▶ _Data provided_:

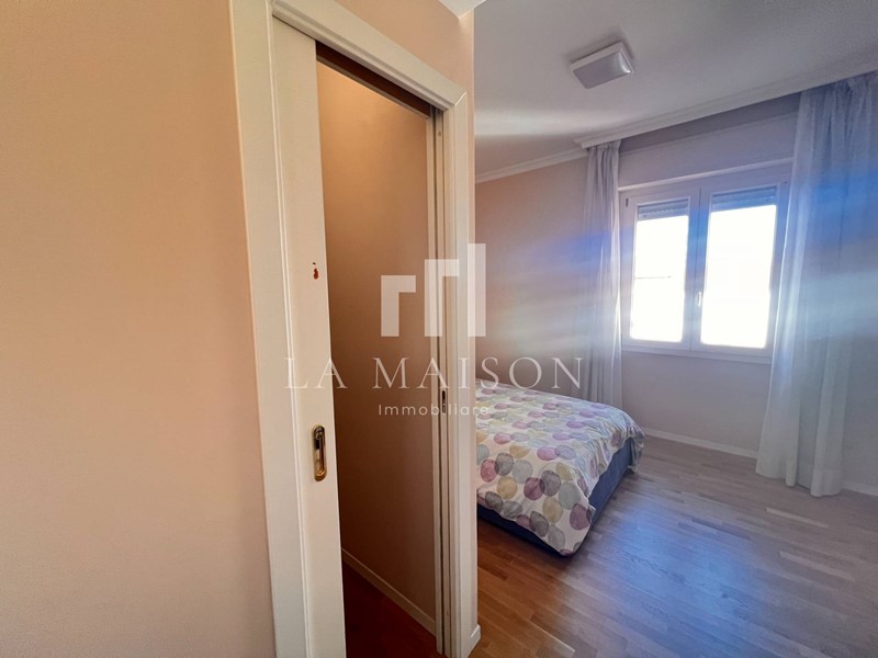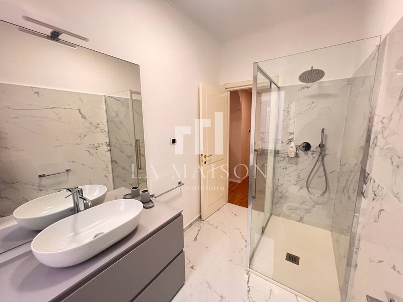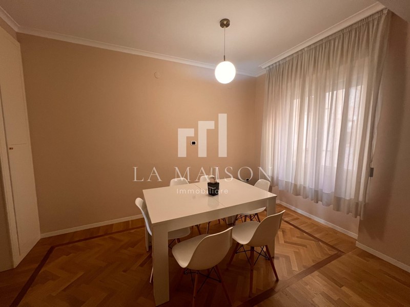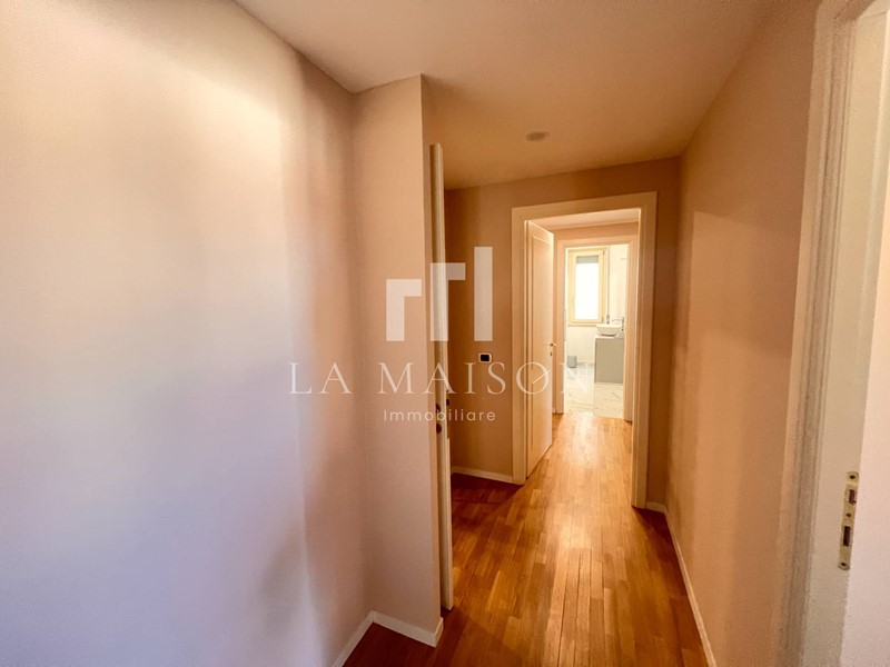 L'immobile si distingue per l'ingresso elegante, un'ampia e luminosa sala con balcone, cucina abitabile, tre camere da letto (di cui due con cabina armadio) e due bagni, impreziosito da nuovi e pregiatissimi pavimenti in parquet che donano calore e raffinatezza ad ogni ambiente.
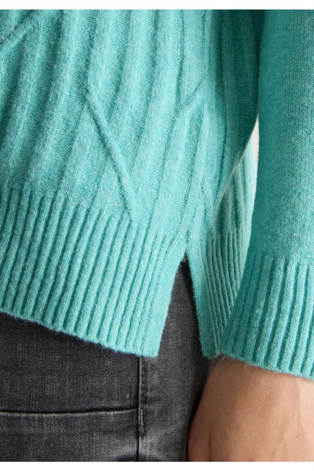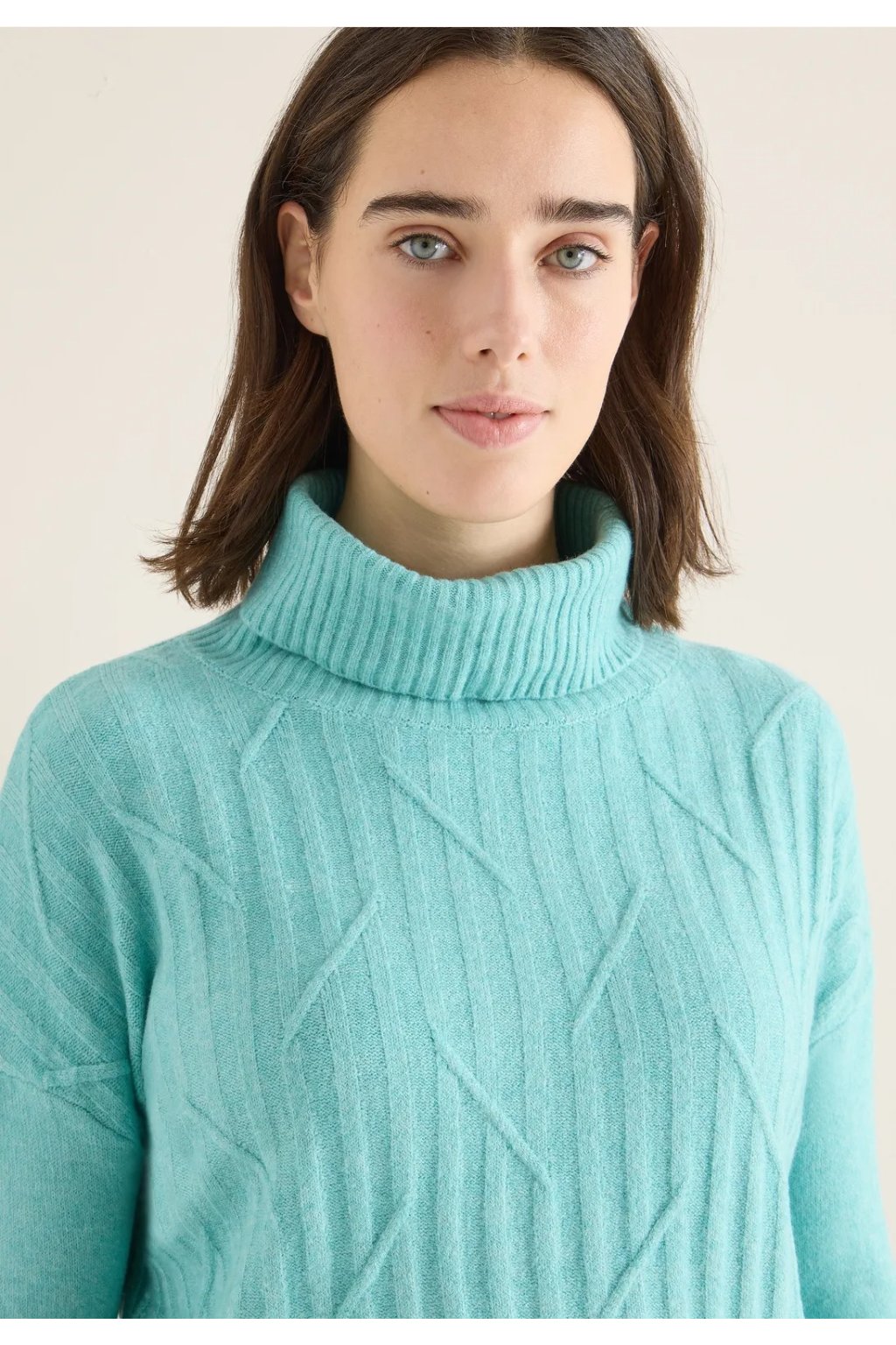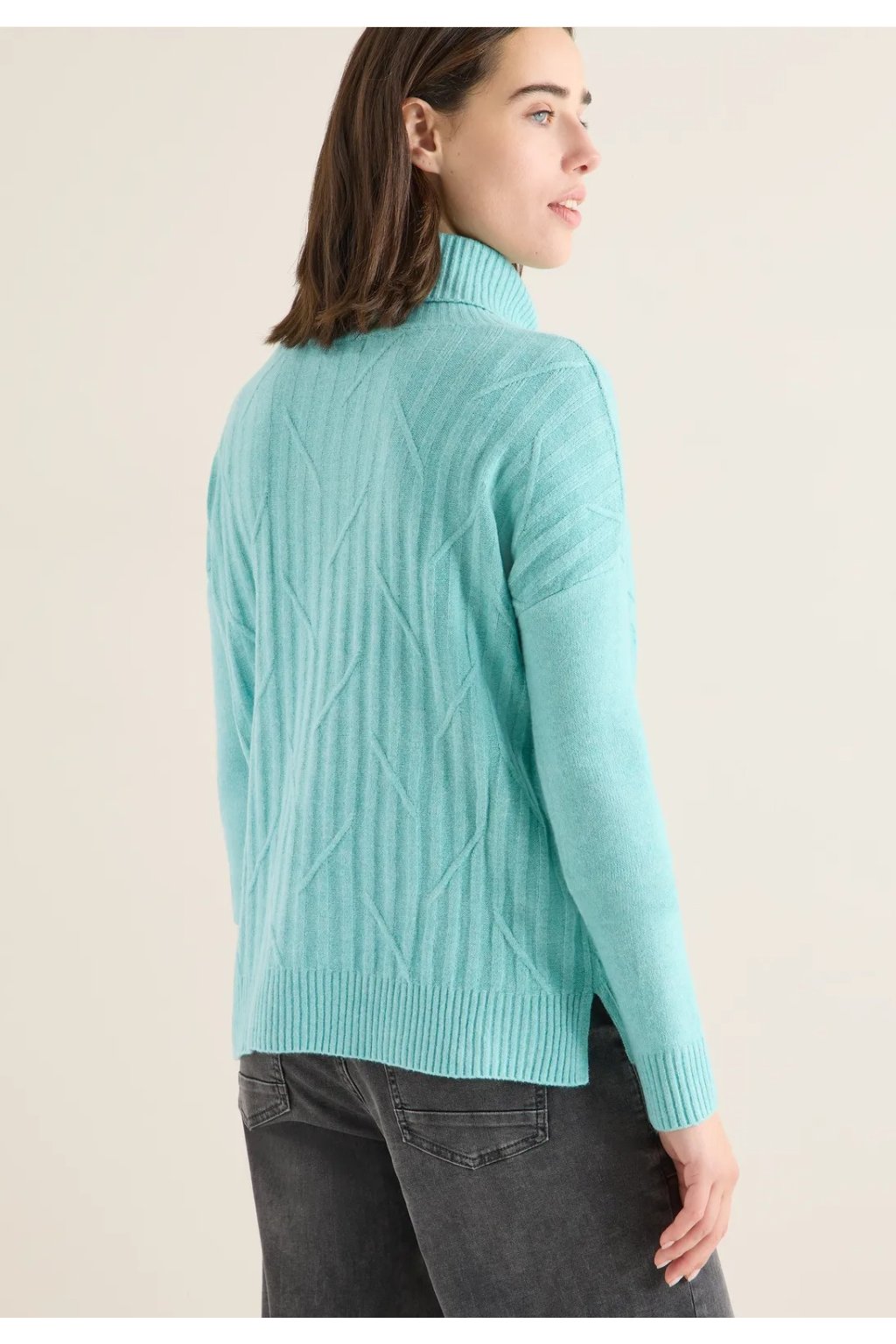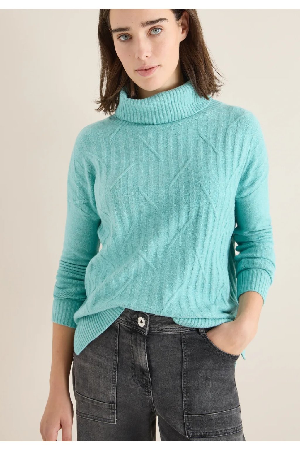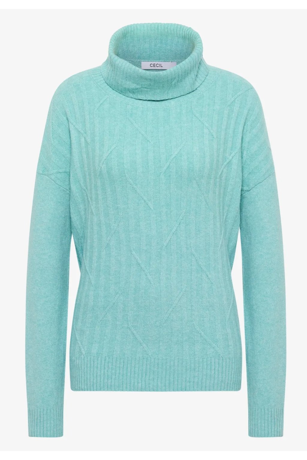 Tento dámsky rolák od CECIL zaujme svojim decentným textúrovaným vzorom a hebkým úpletom. Vysoký golier a rebrované manžety zaisťujú príjemný pocit a hrejú vás v chladných dňoch. Všestranný nevyhnutný kúsok pre štýlový zimný outfit.
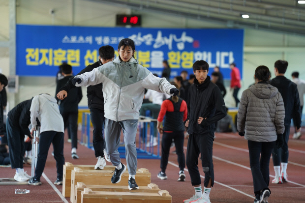 ![]() 해남군은 전지훈련을 하는 스포츠 선수 유치를 위해 시설 확충 및 특화된 서비스를 마련하고 있다. 해남 실내육상트레이닝장에서 훈련중인 선수들. 해남군 제공 |
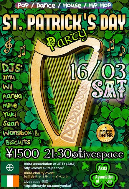 3月16日土曜日、ライブスペース四階にてAkita Association of JETs (AAJ) プレゼンツSt. Patrick's Day Dance Party を開催します! ≪詳細≫ 場所 :ライブスペース四階(秋田市) 入場料 :1500円(1 free drink) 時間 :9:30PM〜4:00AM 服装 :何か緑色のものを身につけて来てください 飲み物 :ビール、カクテル、ソフトドリンクなど DJs: Imu, Aanya, Wil, Mike, Yuki, Sean, Wong Bok & Biscuitz ジャンル: Pop, hip hop, dance, house 駐車場 :道路はさんで向かい 秋田ALTは 毎年2つの大きなパーティーを開いています

▶ _Required action_: Would you copy out, exactly and with no pictures, only the lines above from the one that contains "Tento dámsky rolák" through the one that contains "선수들. 해남군 제공 |"?

▶ _Output of the exercise_:
 Tento dámsky rolák od CECIL zaujme svojim decentným textúrovaným vzorom a hebkým úpletom. Vysoký golier a rebrované manžety zaisťujú príjemný pocit a hrejú vás v chladných dňoch. Všestranný nevyhnutný kúsok pre štýlový zimný outfit.
 ![]() 해남군은 전지훈련을 하는 스포츠 선수 유치를 위해 시설 확충 및 특화된 서비스를 마련하고 있다. 해남 실내육상트레이닝장에서 훈련중인 선수들. 해남군 제공 |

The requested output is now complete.